Records for this exercise START
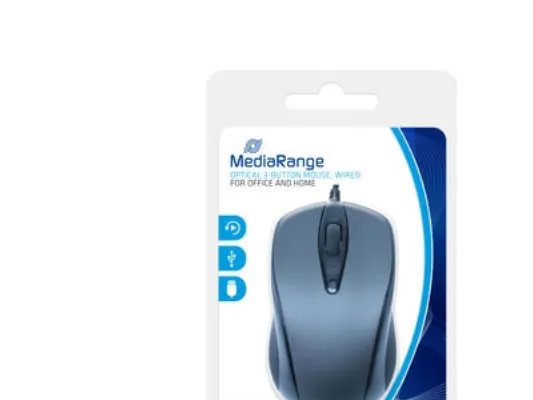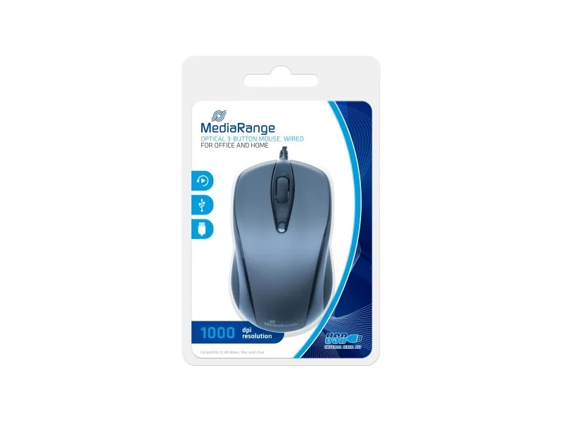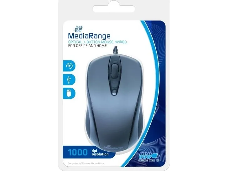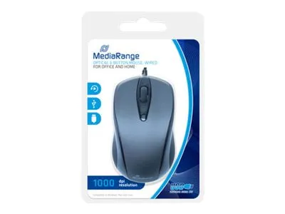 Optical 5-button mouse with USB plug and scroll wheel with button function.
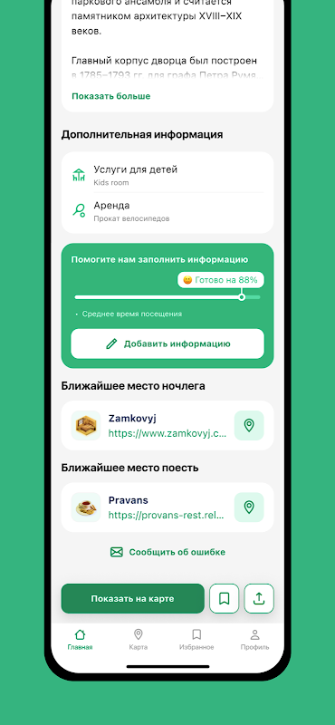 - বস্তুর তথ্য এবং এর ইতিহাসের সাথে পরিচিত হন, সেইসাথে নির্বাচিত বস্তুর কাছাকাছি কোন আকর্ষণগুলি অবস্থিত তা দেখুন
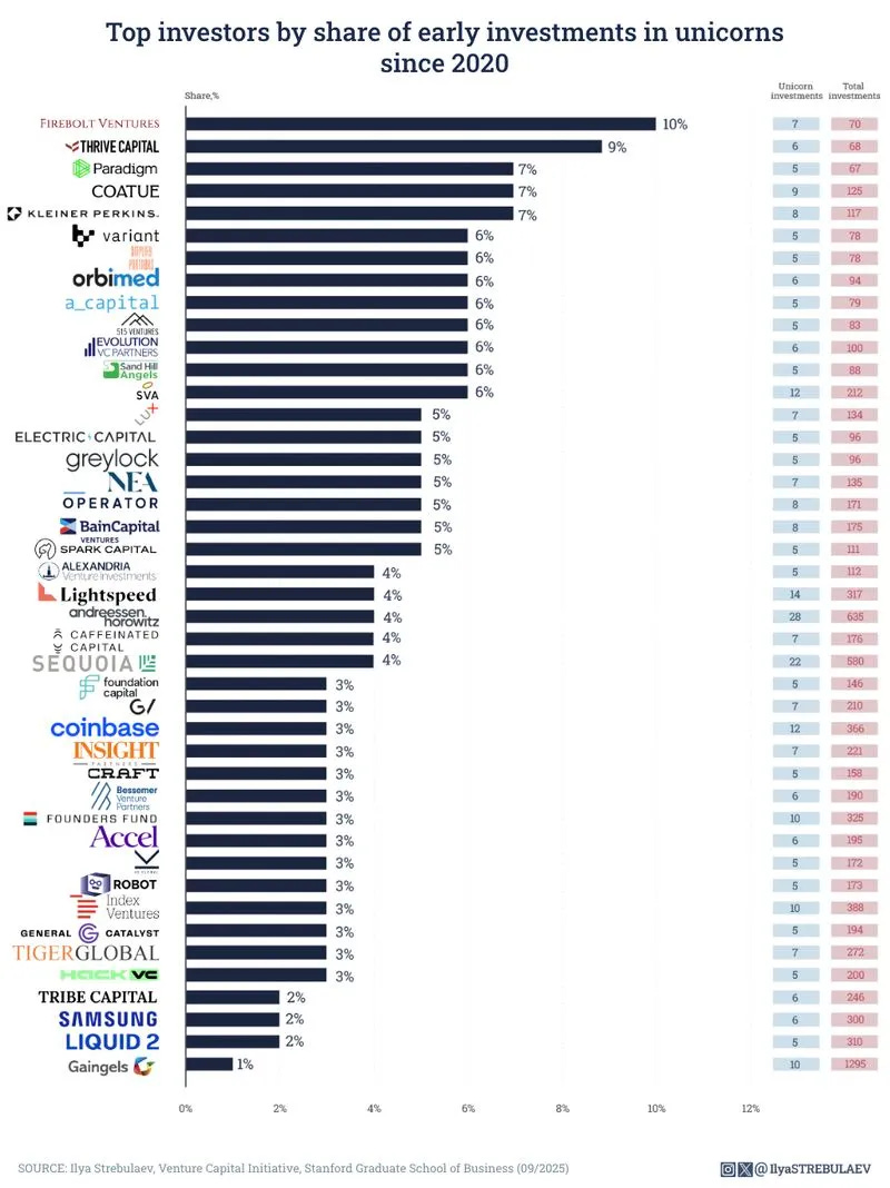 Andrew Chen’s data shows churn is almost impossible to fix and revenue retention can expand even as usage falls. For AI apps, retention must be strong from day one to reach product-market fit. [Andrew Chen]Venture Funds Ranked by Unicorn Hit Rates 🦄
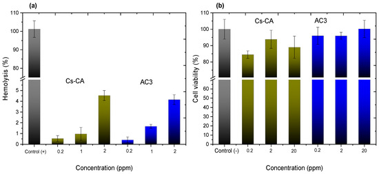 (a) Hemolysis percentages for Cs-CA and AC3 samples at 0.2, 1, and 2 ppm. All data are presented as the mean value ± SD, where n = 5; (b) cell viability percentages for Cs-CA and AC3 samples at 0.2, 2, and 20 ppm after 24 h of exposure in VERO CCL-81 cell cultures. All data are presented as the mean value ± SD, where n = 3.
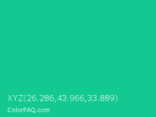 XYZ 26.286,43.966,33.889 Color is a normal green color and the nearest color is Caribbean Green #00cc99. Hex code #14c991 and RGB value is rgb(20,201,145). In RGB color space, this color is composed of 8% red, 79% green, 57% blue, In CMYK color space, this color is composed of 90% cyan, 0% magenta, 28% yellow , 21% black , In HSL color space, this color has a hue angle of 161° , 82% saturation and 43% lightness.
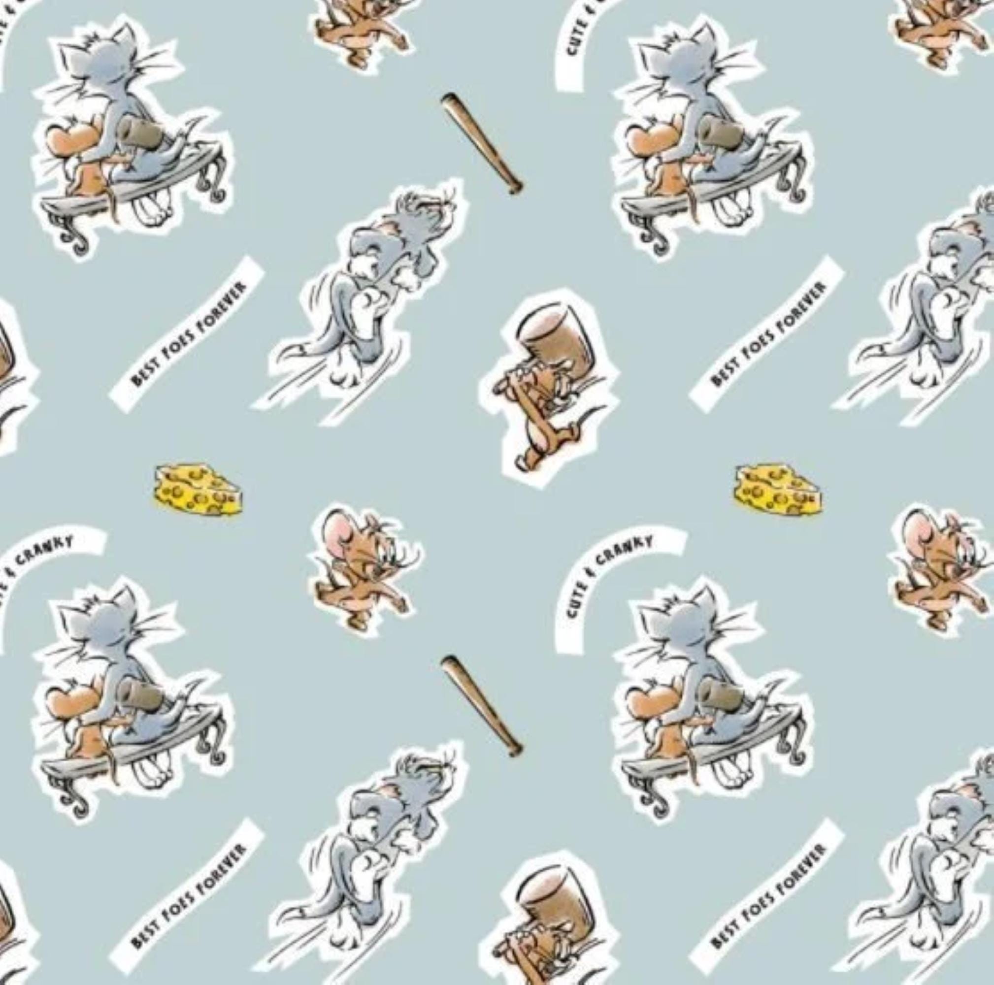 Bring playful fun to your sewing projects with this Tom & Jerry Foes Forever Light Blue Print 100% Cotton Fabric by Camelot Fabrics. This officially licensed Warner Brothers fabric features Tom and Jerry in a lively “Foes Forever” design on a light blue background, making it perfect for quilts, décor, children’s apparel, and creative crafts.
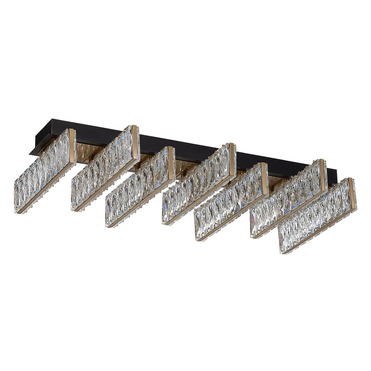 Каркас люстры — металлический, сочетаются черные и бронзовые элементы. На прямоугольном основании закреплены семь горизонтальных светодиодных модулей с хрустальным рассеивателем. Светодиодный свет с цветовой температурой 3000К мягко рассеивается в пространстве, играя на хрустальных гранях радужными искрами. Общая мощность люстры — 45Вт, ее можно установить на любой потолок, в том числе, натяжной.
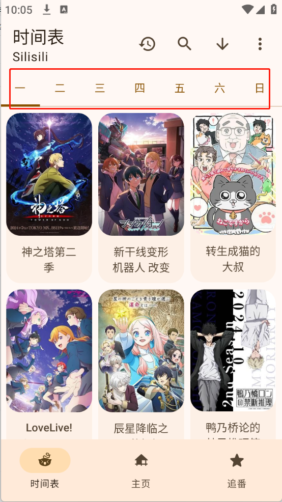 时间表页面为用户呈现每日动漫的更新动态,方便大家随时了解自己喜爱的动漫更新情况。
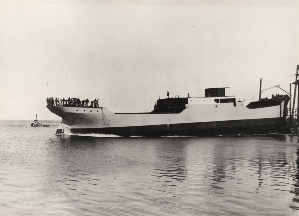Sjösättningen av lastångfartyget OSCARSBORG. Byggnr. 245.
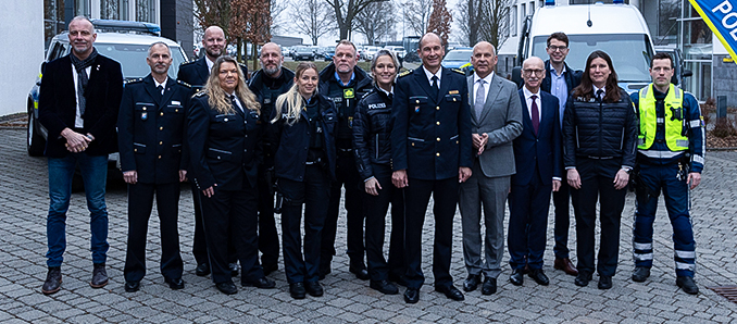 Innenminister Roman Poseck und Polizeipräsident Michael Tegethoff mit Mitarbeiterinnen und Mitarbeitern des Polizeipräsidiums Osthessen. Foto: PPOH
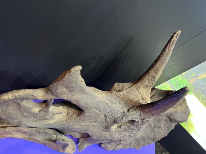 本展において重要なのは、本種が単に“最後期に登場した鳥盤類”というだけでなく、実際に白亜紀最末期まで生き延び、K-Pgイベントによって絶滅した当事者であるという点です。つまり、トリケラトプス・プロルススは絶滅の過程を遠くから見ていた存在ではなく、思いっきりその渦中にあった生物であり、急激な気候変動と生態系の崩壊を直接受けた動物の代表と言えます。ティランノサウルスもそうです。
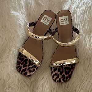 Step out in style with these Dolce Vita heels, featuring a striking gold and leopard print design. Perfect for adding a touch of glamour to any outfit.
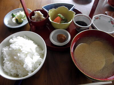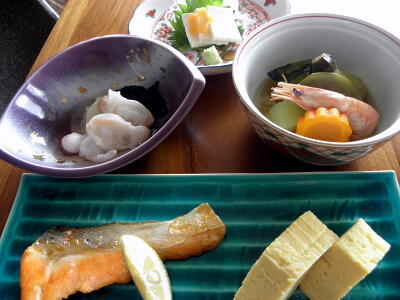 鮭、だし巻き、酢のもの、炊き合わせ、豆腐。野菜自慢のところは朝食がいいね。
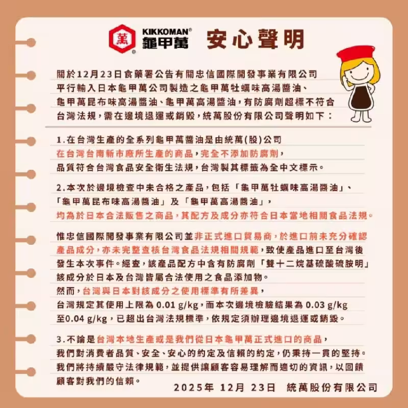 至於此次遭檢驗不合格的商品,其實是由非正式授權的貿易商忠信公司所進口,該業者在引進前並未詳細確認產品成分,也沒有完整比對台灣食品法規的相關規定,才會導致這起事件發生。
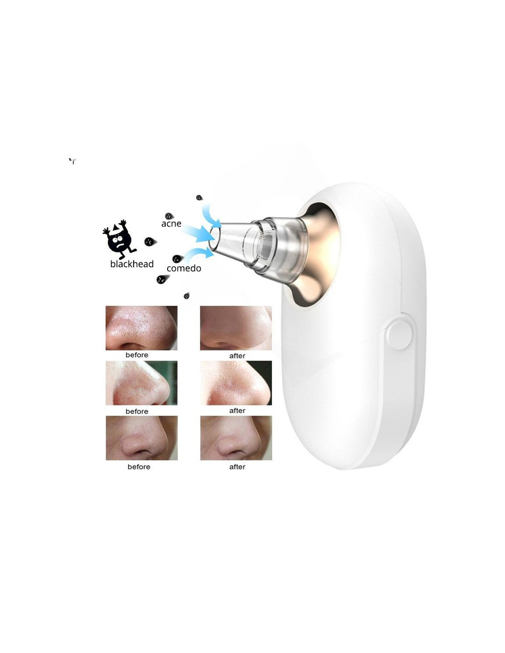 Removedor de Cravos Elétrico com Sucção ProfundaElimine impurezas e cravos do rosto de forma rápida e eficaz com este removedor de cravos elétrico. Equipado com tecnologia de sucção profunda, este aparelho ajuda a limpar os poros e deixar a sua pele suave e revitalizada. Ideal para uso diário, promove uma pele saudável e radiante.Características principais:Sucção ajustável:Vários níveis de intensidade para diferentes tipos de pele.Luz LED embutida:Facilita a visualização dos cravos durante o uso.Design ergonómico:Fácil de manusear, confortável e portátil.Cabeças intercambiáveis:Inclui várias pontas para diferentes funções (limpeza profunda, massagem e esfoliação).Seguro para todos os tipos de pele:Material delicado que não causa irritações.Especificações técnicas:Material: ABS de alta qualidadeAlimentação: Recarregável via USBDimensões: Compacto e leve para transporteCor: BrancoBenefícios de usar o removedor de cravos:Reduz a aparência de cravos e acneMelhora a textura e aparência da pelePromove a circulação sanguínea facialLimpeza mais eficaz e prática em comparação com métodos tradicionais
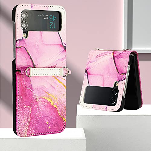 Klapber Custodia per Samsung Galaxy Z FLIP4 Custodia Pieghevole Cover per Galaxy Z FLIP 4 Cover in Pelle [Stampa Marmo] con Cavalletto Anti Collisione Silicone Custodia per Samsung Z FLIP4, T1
Records for this exercise END
**How to complete this task**
Your output should be exactly the lines of the records above from the one with "时间表页面为用户呈现每日动漫" through the last, both ends included, with pictures excluded.

**Solved exercise**
 时间表页面为用户呈现每日动漫的更新动态,方便大家随时了解自己喜爱的动漫更新情况。
Sjösättningen av lastångfartyget OSCARSBORG. Byggnr. 245.
 Innenminister Roman Poseck und Polizeipräsident Michael Tegethoff mit Mitarbeiterinnen und Mitarbeitern des Polizeipräsidiums Osthessen. Foto: PPOH
 本展において重要なのは、本種が単に“最後期に登場した鳥盤類”というだけでなく、実際に白亜紀最末期まで生き延び、K-Pgイベントによって絶滅した当事者であるという点です。つまり、トリケラトプス・プロルススは絶滅の過程を遠くから見ていた存在ではなく、思いっきりその渦中にあった生物であり、急激な気候変動と生態系の崩壊を直接受けた動物の代表と言えます。ティランノサウルスもそうです。
 Step out in style with these Dolce Vita heels, featuring a striking gold and leopard print design. Perfect for adding a touch of glamour to any outfit.
 鮭、だし巻き、酢のもの、炊き合わせ、豆腐。野菜自慢のところは朝食がいいね。
 至於此次遭檢驗不合格的商品,其實是由非正式授權的貿易商忠信公司所進口,該業者在引進前並未詳細確認產品成分,也沒有完整比對台灣食品法規的相關規定,才會導致這起事件發生。
 Removedor de Cravos Elétrico com Sucção ProfundaElimine impurezas e cravos do rosto de forma rápida e eficaz com este removedor de cravos elétrico. Equipado com tecnologia de sucção profunda, este aparelho ajuda a limpar os poros e deixar a sua pele suave e revitalizada. Ideal para uso diário, promove uma pele saudável e radiante.Características principais:Sucção ajustável:Vários níveis de intensidade para diferentes tipos de pele.Luz LED embutida:Facilita a visualização dos cravos durante o uso.Design ergonómico:Fácil de manusear, confortável e portátil.Cabeças intercambiáveis:Inclui várias pontas para diferentes funções (limpeza profunda, massagem e esfoliação).Seguro para todos os tipos de pele:Material delicado que não causa irritações.Especificações técnicas:Material: ABS de alta qualidadeAlimentação: Recarregável via USBDimensões: Compacto e leve para transporteCor: BrancoBenefícios de usar o removedor de cravos:Reduz a aparência de cravos e acneMelhora a textura e aparência da pelePromove a circulação sanguínea facialLimpeza mais eficaz e prática em comparação com métodos tradicionais
 Klapber Custodia per Samsung Galaxy Z FLIP4 Custodia Pieghevole Cover per Galaxy Z FLIP 4 Cover in Pelle [Stampa Marmo] con Cavalletto Anti Collisione Silicone Custodia per Samsung Z FLIP4, T1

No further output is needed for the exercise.